Все обвиняемые признались в преступлениях, причем особенно энергично с прокурором А. Я. Вышинским и судьей В. В. Ульрихом сотрудничали Пятаков и Радек. Радек подчас даже опережал прокурора в очернении себя самого. Обвиняемые называли фамилии и многих других бывших деятелей оппозиции в качестве связанных с ними «изменников родины». В числе прочих было произнесено имя ближайшего в прошлом соратника и друга Троцкого X. Г. Раковского.[1434] Было ясно, что последуют новые кровавые спектакли.
Уже первый судебный процесс над Каменевым, Зиновьевым и другими деятелями убедил Троцкого в необходимости развертывания масштабной кампании разоблачения сталинского террора. Она была тем более необходимой, что некоторые популярные западные интеллектуалы выражали уверенность, что судебные процессы в Москве эффективно способствовали ликвидации «пятой колонны» и укреплению безопасности СССР в связи с угрозой агрессии со стороны гитлеровской Германии. Из всех уважаемых европейских симпатизантов писатель Лион Фейхтвангер высказал самые одиозные суждения по поводу того, что происходило в СССР в 1937 году. Он посетил судебный фарс в январе 1937 года и выразил убеждение в правдивости показаний обвиняемых.

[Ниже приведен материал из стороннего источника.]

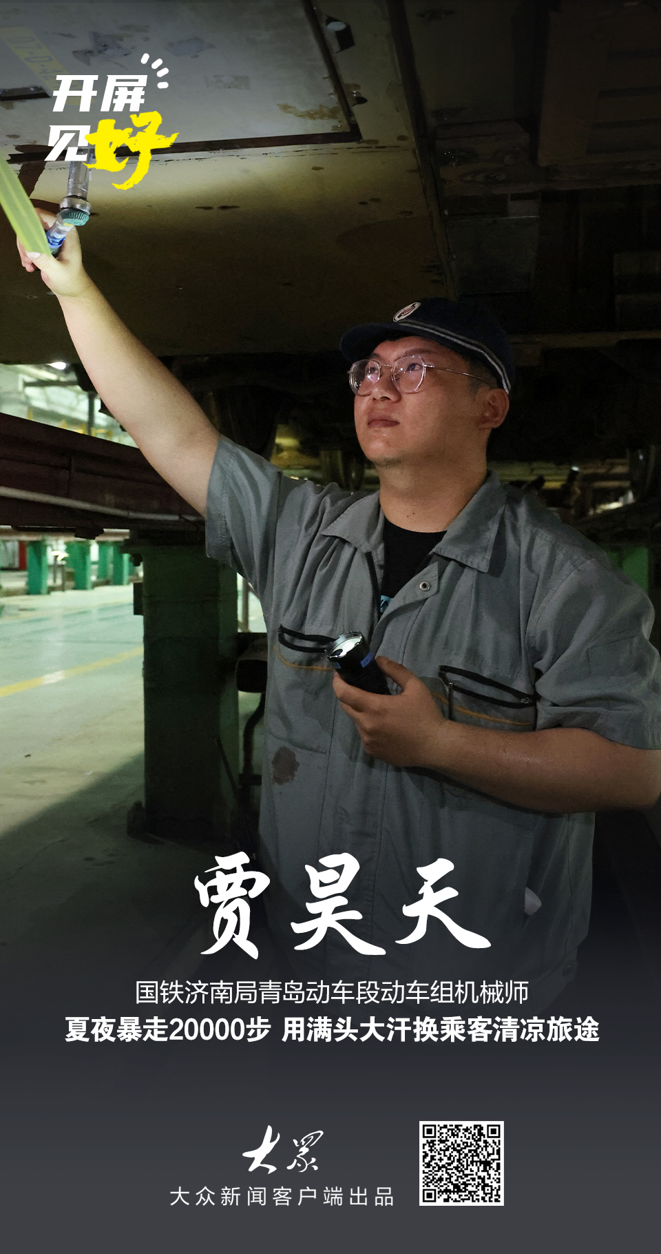 在温度格外高的列车底部,有一个身影频繁地钻进钻出,打着手电筒,四处敲打摸索。他叫贾昊天,是国铁济南局青岛动车段动车组机械师,正忙着检查空调系统——这份在深夜与高温“较劲”的工作,关系着白天数万旅客的旅途舒适度。
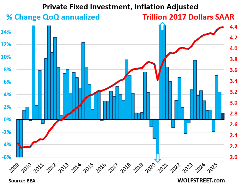 Private fixed investment, which excludes changes in inventory, rose by only 1.0% annualized and adjusted for inflation, after having jumped by 4.4% and 7.1% in the prior two quarters. Of which: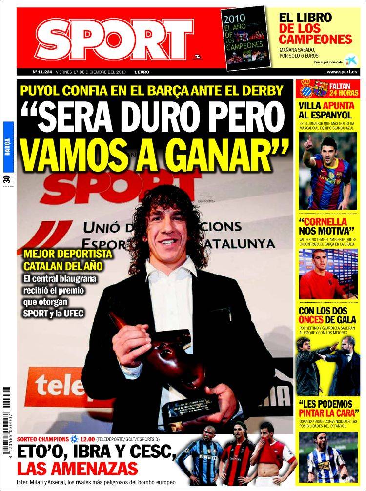 SPORT PUYOL BARCELLONA – Sul quotidiano catalano Sport si parla del derby catalano tra Espanyol e Barcellona con il capitano dei blaugrana Puyol che carica i suoi compagni.
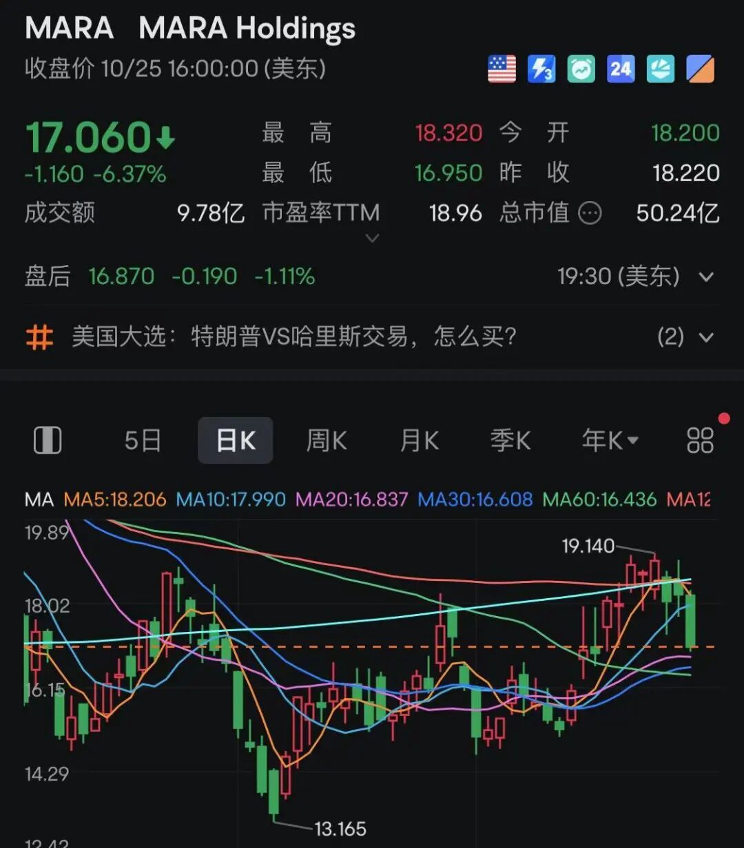 美股方面,与加密货币相关的股票也集体大跌,MARA Holdings股价一度下跌7%,Riot Platforms跌超5%。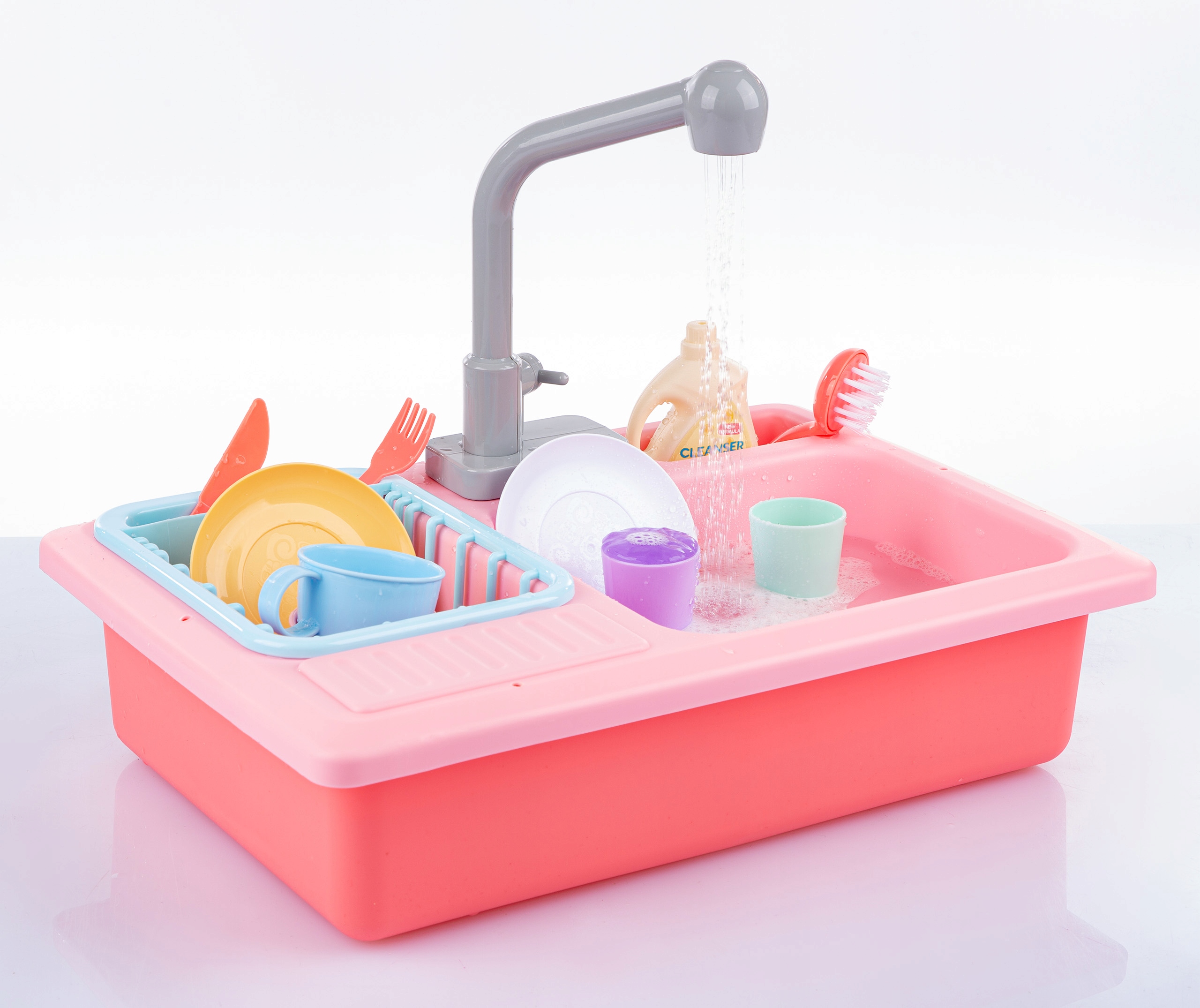 Раковина с настоящим краном с проточной водой и аксессуарами. Ребенок может мыть посуду, игрушка развивает воображение, учит ответственности и порядку.
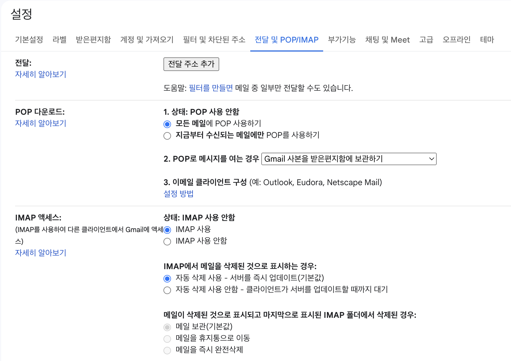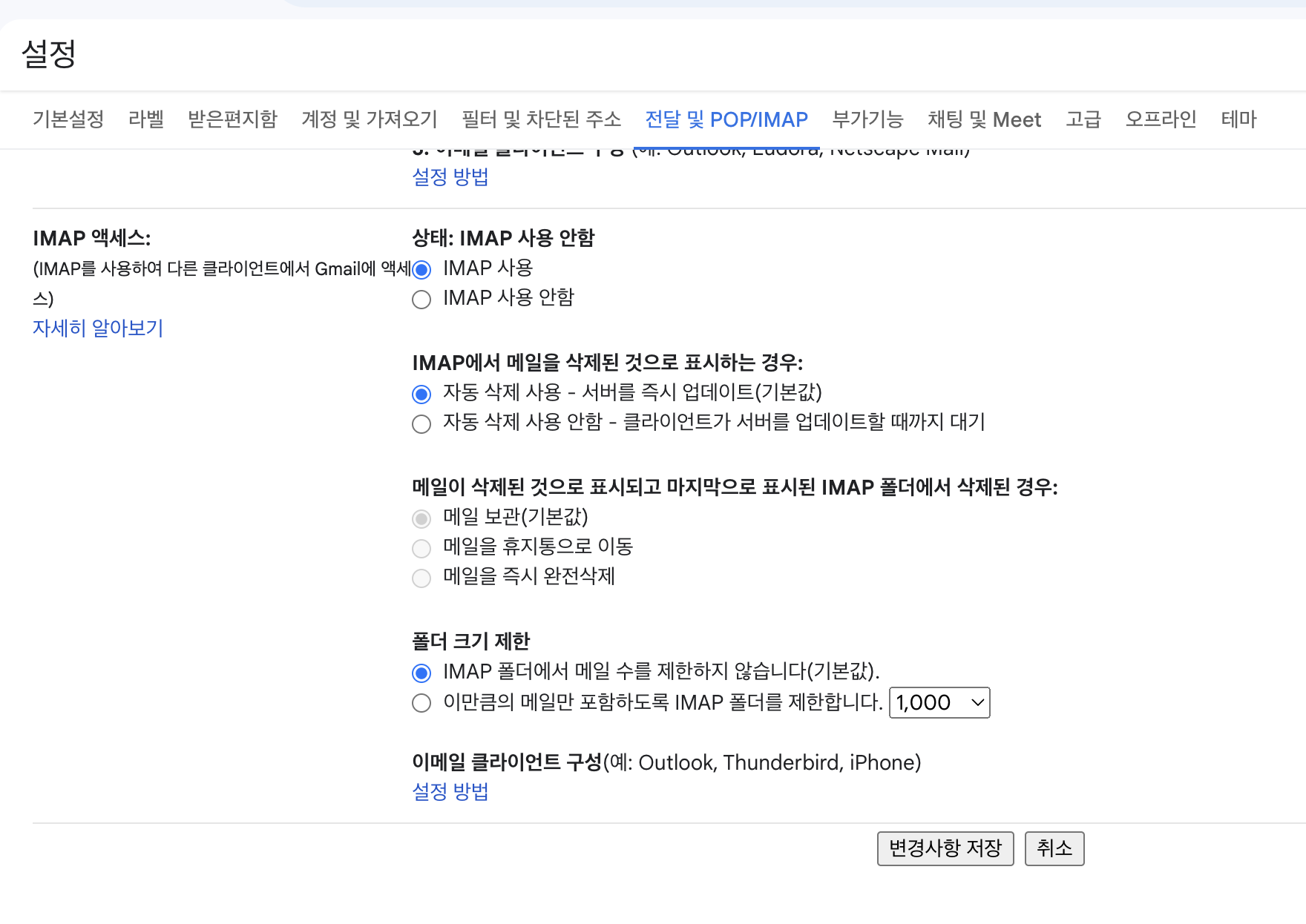 IMAP 및 POP 관련 설정은 아래 더보기에 서술해놓았다.

Вскоре в книге под названием «Москва, 1937» он рассуждал, как прост в обхождении и демократичен советский лидер, какие муки доставляет ему восхваление его личности народом.[1435]
Едва прибыв в Мексику, Троцкий вплотную занялся разоблачением судебных фальшивок, их причин и вероятных последствий. 20 января он написал статью «Семнадцать новых жертв ГПУ», которая под различными заголовками была опубликована в нескольких странах.[1436] Статья предшествовала процессу, была написана под впечатлением только что появившегося советского сообщения о раскрытии «нового заговора». Будущие подсудимые характеризовались как старые революционеры, являвшиеся одно время единомышленниками Троцкого, которые позже отреклись от оппозиции. За этим последовала череда статей, заявлений, писем, обращений, в которых разоблачался «большой террор». 30 января Троцкий записал на пленку речь для американского киножурнала, в которой приводились факты лжи и фальшивок на московских процессах.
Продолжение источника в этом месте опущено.